葛飾研修2018

研修・視察

朝は手塚よしお衆議院議員と祐天寺での駅頭。その後は、私が事務局長を務める「東京若手議員の会」の研修会へと、葛飾へ飛び立ちました。今回のテーマは子育て支援系、特に発達障害児やその親御さんへの対策に時間を割いています。

1.マタニティパス
母子手帳の交付時に、妊娠のお祝いとして5500円をチャージした交通系ICカードをお渡しするという事業です。目黒区も今年度から実施している「ゆりかご東京」の事業として、カードや母子手帳の交付と同時に、全妊婦を対象とした面接を行っています。

葛飾で特徴的なのは、保健所や区の担当課だけではなく、区内の基幹型児童館にも「子育て総合窓口」を設置し、予約は必要ですが同様の面接を受けられる点です。住民票の確認は電話で行い、土日祝日にも対応しています。さらに驚いたのは、ゆりかご東京の1万円パッケージを縮小したのではなく、それは出産後に別の形で子育て応援券をプレゼントしているという事です。つまり、葛飾区が完全に独自でICカード交付を行っているのですね。

お話しくださった課長によると、とにかく支援しようということで、予算計上した後にも事業の形を修正し、ようやく昨年の10月30日に実施したとの事でした。来年度に効果測定を行うそうですが、他自治体にも広がりを見せるのか、今後も注目です。

 
2.5歳児健診
5歳児がいる全ての家庭にアンケートを送付し、SDQの点数が高く、対応が必要だと思われる子に対して、集団遊びの観察や面談、意思の診察などを実施し、その後のフォローに繋げていく事業です。実は目黒区でも5歳児健診を実施しており、こちらは全児童に健診票を送付して医療機関で受診してもらうという内容ですが、発達障害に特化したものではなく、受診率も60%強にとどまっています。(葛飾のアンケート回収率は80%強)
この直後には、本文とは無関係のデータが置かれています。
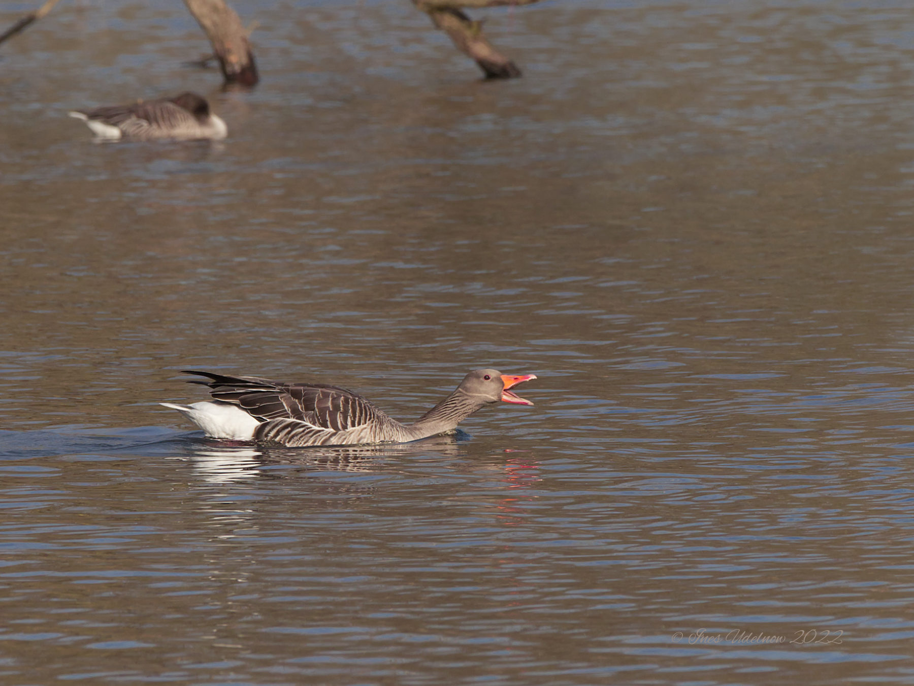 I was really lucky yesterday at Lake Köppchensee (see also my article from yesterday). In pairs of two, a dozen or so greylag geese swam across the lake in the late winter sun and gave a further sign that spring is approaching. Usually greylag geese travel in flocks, but during the breeding season they gather in pairs. In the first photo it is easy to see that males and females are similar in appearance, but the male geese are usually larger than the females.

葛飾の特徴は、アンケートによって何らかの対応が必要であると考えられる子に対して、様々な機関が連携して支援する体制が築けている点です。区内のほとんど全ての保育園・幼稚園が、調査や観察に協力しており、医師会も非常に協力的で、ケースによっては療育機関の紹介にも繋げる事ができています。また、当初は想定していなかった成果として、1割程度の子が眼科の受診勧奨の対象であると判明した事が挙げられていました。
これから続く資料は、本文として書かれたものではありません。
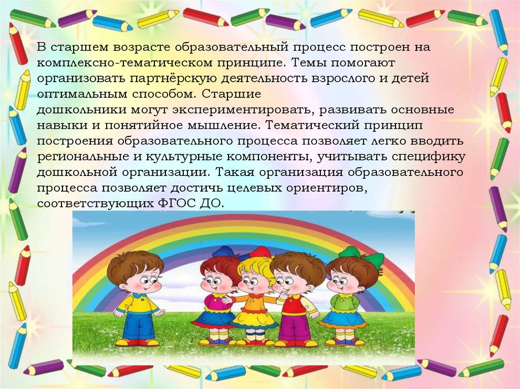 В старшем возрасте образовательный процесс построен накомплексно-тематическом принципе. Темы помогают

次のコマにも関連するのですが、発達の課題や状態や人それぞれであり、できるだけ早期に個々に合った対応をとることが重要であるため、関係機関が一帯となって支援する体制が構築できていることは素晴らしいと思います。目黒区の5歳児健診に改善の余地がないのかも、今後調査しなければなりませんね。

 
3.ペアレントメンター
昨年のマニフェスト大賞で優秀政策提言賞を受賞した長谷川たかこ区議の提言によって、23区で初めて事業化されたものです。ペアレントメンターとは、自身も発達障害のある子どもを育てた経験がある親が、同様の後輩パパママの相談にのったり、アドバイスをしたりする支援者の事です。

事業が提案された平成25年当時のスクリーニング調査では、公立保育園に通う園児の半数近くが、発達面での課題や心配を抱えていることが分かっています。また、文科省の調査などによると、小中学校の通常学級に在籍している発達障害傾向の児童・生徒は6.5~20%ほどいるとされており、潜在的ニーズがあることは明らかでした。長谷川区議とペアレントメンター候補の親御さんが協議を重ねたのち、一般社団法人を設立して受託する形で、平成28年に事業が開始されました。

開始後は、悩んでいる親に対して当事者ならではの経験談がアドバイスされるといった一面だけでなく、ペアレントメンター間での相互理解が深まったり、輪が広がったり、啓発や情報提供の機会が増えたりと、様々な効果がもたらされているとの事です。今後は、相談の場の常設化や、規模の拡大などが課題であるとの事ですが、まさに協働事業としての支援制度が、さらに広がっていくことが期待されますね。